Pseudomonas aeruginosa

Pseudomonas aeruginosa

Description, Causes and Risk Factors:

A bacterial species found in soil, water, and commonly in clinical specimens (wound infections, infected burn lesions, urinary tract infections); the causative agent of blue pus; occasionally pathogenic for plants; usually causes infections in humans in whom there is a defect in host defense mechanisms. It is the type species of the genus Pseudomonas.

Pseudomonas aeruginosa is a Gram-negative bacterium that is noted for its environmental versatility, ability to cause disease in particular susceptible individuals, and its resistance to antibiotics. The most serious complication of cystic fibrosis is respiratory tract infection by the ubiquitous bacterium Pseudomonas aeruginosa. Cancer and burn patients also commonly suffer serious infections by this organism, as do certain other individuals with Immune systems deficiencies.
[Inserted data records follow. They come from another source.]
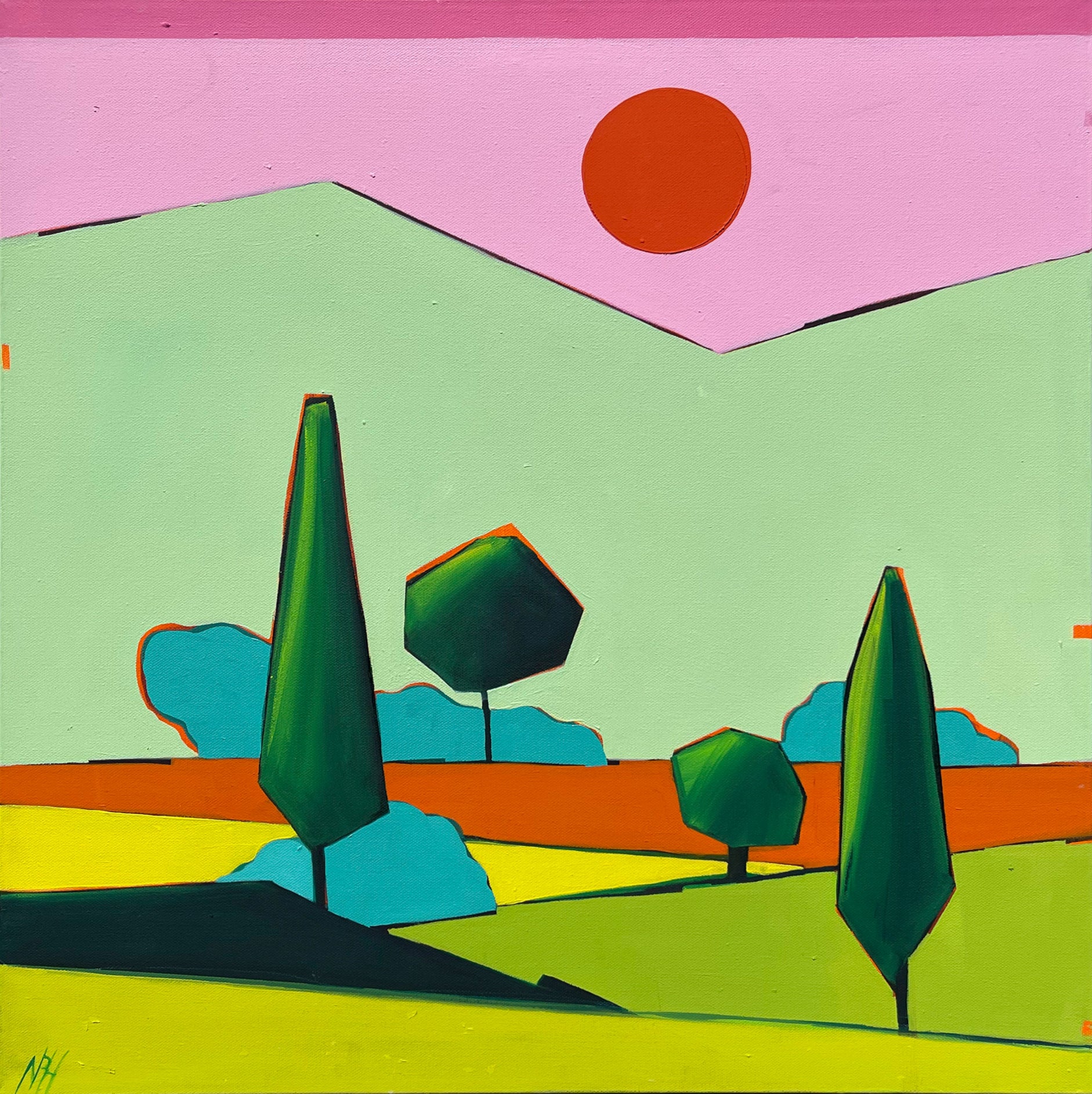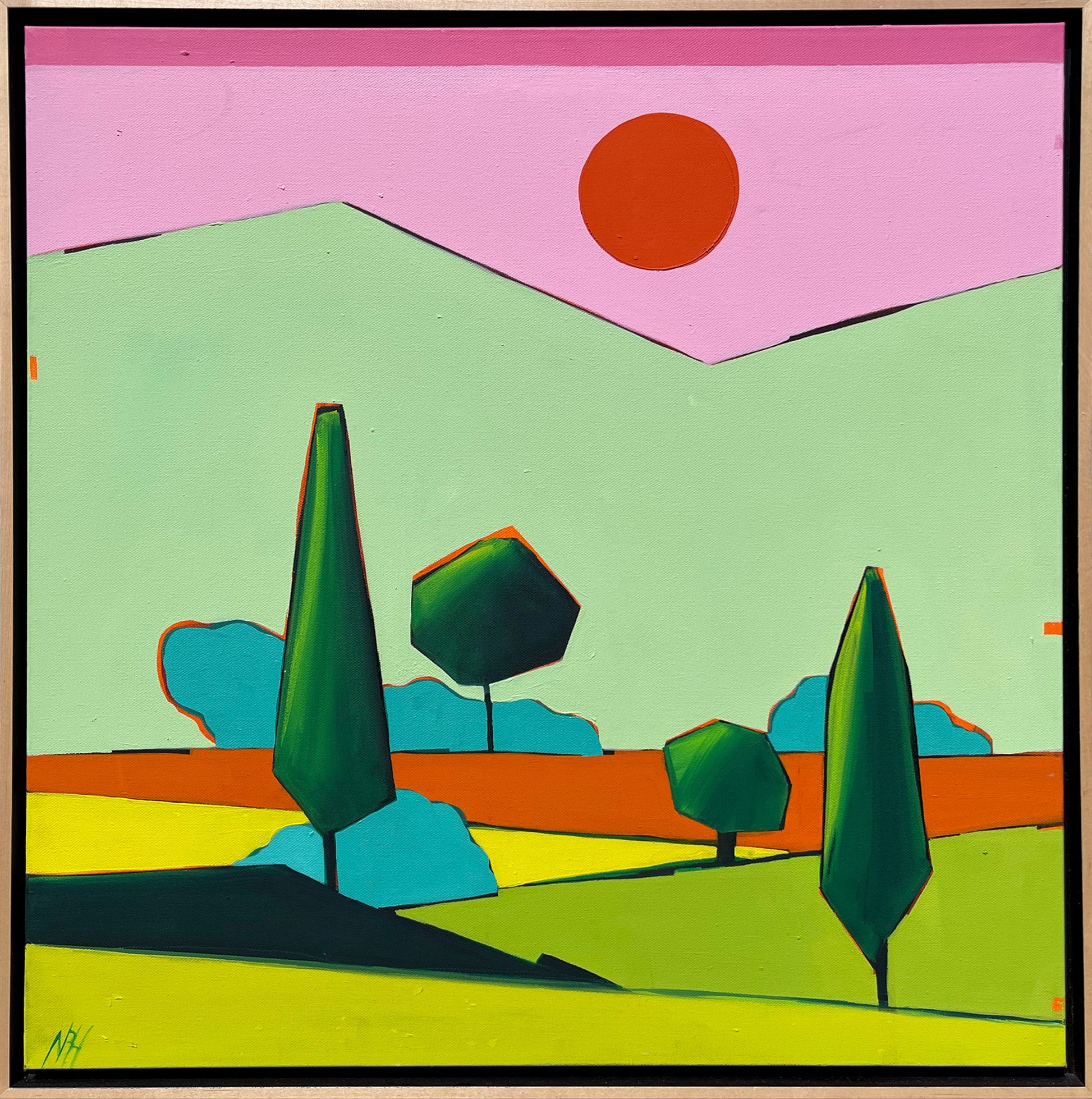 This original landscape painting by Nancy Hartley is framed and signed by the artist in the bottom corner of the painting.
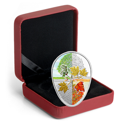 Diese ganz besondere Maple Leaf Ausgabe zeigt das beliebte Ahornblatt im Wechsel der 4 Jahreszeiten. Die 1 Oz schwere Feinsilbermünze ist in höchster Prägequalität Polierte Platte geprägt und zudem aufwendig coloriert. Die Auslieferung erfolgt im Original-Etui mit Umverpackung und nummeriertem Echtheitszertifikat. Die Ausgabe ist auf nur 4.000 Stück weltweit streng limitiert.
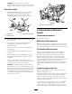Kuva 4 Kuva 3 1. Takasuojus 2. Kantaruuvi 1. Leikkuuyksikön tukiteline 4 3 Vastapainojen asennus Takasuojuksen säätö Mitään osia ei tarvita Mitään osia ei tarvita Ohjeet Ohjeet Kaikkien toimitettujen leikkuuyksiköiden vasempaan päähän on asennettu vastapaino. Määritä seuraavan kaavion avulla vastapainojen ja kelamoottorien sijainti. Useimmissa olosuhteissa paras levitys saadaan, kun takasuojus on kiinni (eteen heitto). Raskaissa tai märissä olosuhteissa takasuojusta voidaan pitää auki.

Unlike many environmental bacteria, P. aeruginosa has a remarkable capacity to cause disease in susceptible hosts. It has the ability to adapt to and thrive in many ecological niches, from water and soil to plant and animal tissues. The bacterium is capable of utilizing a wide range of organic compounds as food sources, thus giving it an exceptional ability to colonize ecological niches where nutrients are limited. P. aeruginosa can produce a number of toxic proteins which not only cause extensive tissue damage, but also interfere with the human immune system's defense mechanisms. These proteins range from potent toxins that enter and kill host cells at or near the site of colonization to degradative enzymes that permanently disrupt the cell membranes and connective tissues in various organs. This bacterium is also noted for its resistance to many antibiotics.

P. aeruginosa is widely studied by scientists who are interested in not only its ability to cause disease and resist antibiotics, but also its metabolic capability and environmental versatility. Analysis of its genome sequence has identified genes involved in locomotion, attachment, transport and utilization of nutrients, antibiotic efflux, and systems involved in sensing and responding to environmental changes.

A major interest of Pharmaceutical companies is to learn more about the genes of P. aeruginosa and other disease-causing bacteria in order to better understand the Physiology of these organisms. These insights will be used to develop new antibacterial drugs to successfully treat infections by bacteria like P. aeruginosa that are resistant to many of today's antibiotics.


The symptoms depend on the part of the body that is infected. Fever, fatigue, muscle and joint pain, etc are the most common symptoms. Other symptoms include:

    Bone infection: Swollen infected part, redness.

  • Ear infection: Pain in the ear, reduced ability to hear, facial paralysis.

  • Eye infection: Pain in the eye, reduced vision, swollen eyelids.

  • Cystic fibrosis: Cough, reduced appetite, fast breathing, enlargement of the abdomen.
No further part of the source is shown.